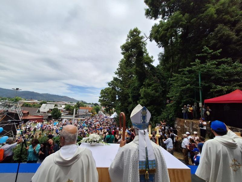 La masiva celebración fue posible gracias al generoso apoyo de numerosas personas y diversas instituciones, entre ellas el Municipio de Temuco, Carabineros de Chile, Bomberos, equipos de emergencia, hombres católicos, sonido Bravo Producciones y voluntarios que colaboraron para que todo se desarrollara en un ambiente de orden, seguridad y fraternidad, palabras de gratitud que extendió el Pbro. Juan Andrés Basly, vicario general. También, agradeció la alegría y entusiasmo de todos los integrantes del coro.
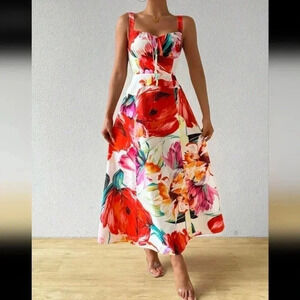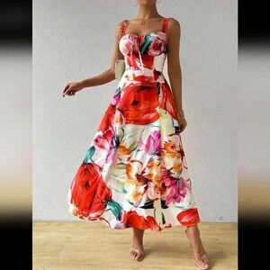 Women Chest Strap Sleeveless LongSummer Dress, Random Printed Cutout
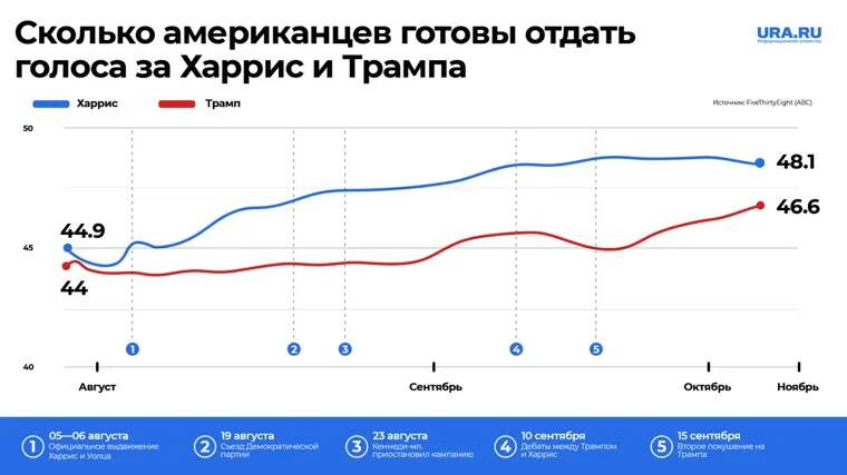 Кандидат Харрис смогла значительно укрепить свои позиции в предвыборной гонке, опережая Трампа. По данным портала FiveThirtyEight (одна из популярных моделей прогнозирования в мире спорта на данный момент), на 29 октября рейтинг вице-премьера США составляет 48,1%, что на 1,5 пункта выше, чем у Трампа, чей рейтинг равен 46,6%.
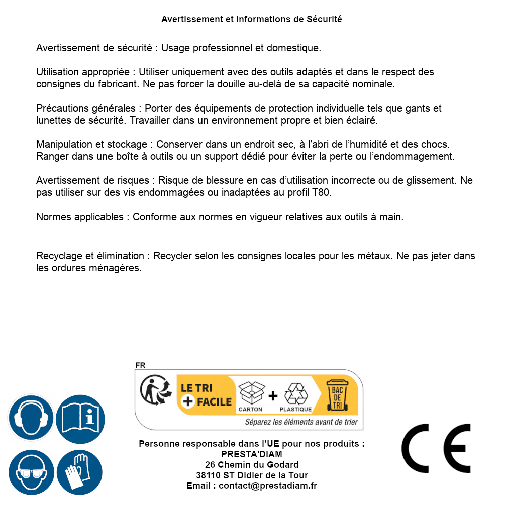 | AVERTISSEMENT et SECURITE | Identification de la personne responsable dans l’UE : Nom : PRESTA'DIAM. Adresse : 26 Chemin du Godard, 38110 ST Didier de la Tour (France). Email : contact@prestadiam.fr. |
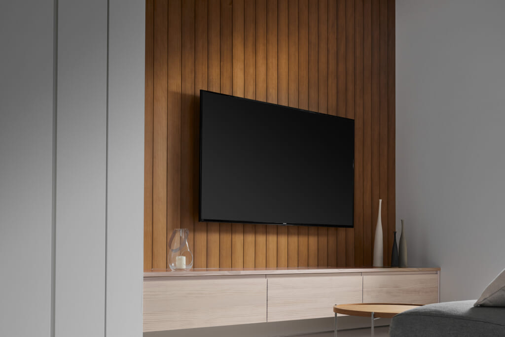 リビングの主役になる魅せる壁材。無垢材ならではの素材が持つ温かみと質感。空間のアクセントとなり、リビングの表情をより豊かにする。
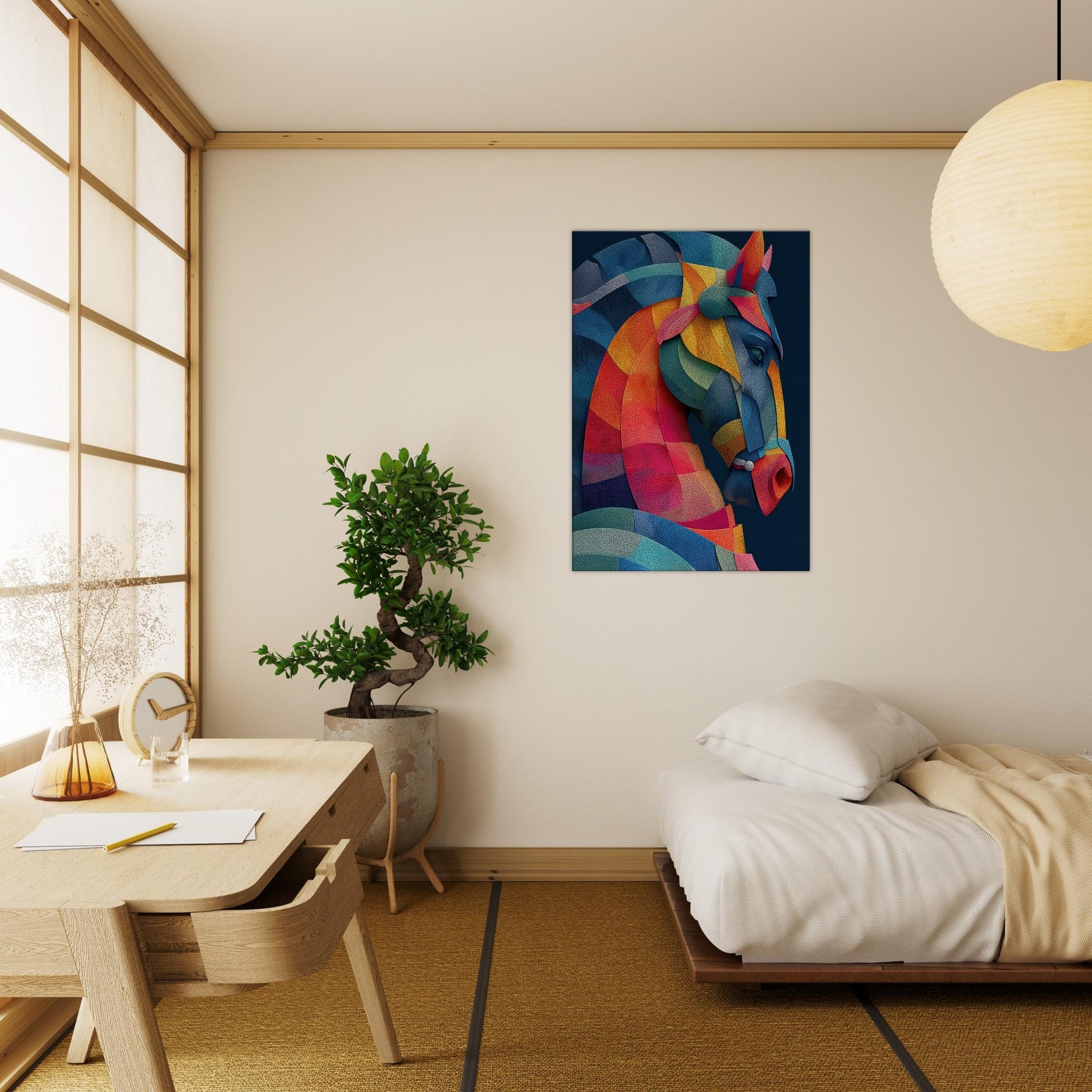Like a quiet ode to motion, the Chess Knight is reimagined as a mosaic of color and texture. Its facets catch light and shift with mood, turning a static silhouette into a livinganthem. The palette flickers from cobalt to ember, set against a deep midnight backdrop that feels both calm and electric. In a living room or study, this piece invites lingering gaze, a tactile memory visible on the wall, elevating space with warmth, rhythm, and a sense of cinematic mystery.

WHAT YOU ARE ASKED TO DO
Start with the first line of the records above and end with the line containing "Women Chest Strap". Output those lines exactly, pictures excluded.

SOLUTION FOR THIS PROBLEM
 La masiva celebración fue posible gracias al generoso apoyo de numerosas personas y diversas instituciones, entre ellas el Municipio de Temuco, Carabineros de Chile, Bomberos, equipos de emergencia, hombres católicos, sonido Bravo Producciones y voluntarios que colaboraron para que todo se desarrollara en un ambiente de orden, seguridad y fraternidad, palabras de gratitud que extendió el Pbro. Juan Andrés Basly, vicario general. También, agradeció la alegría y entusiasmo de todos los integrantes del coro.
 Women Chest Strap Sleeveless LongSummer Dress, Random Printed Cutout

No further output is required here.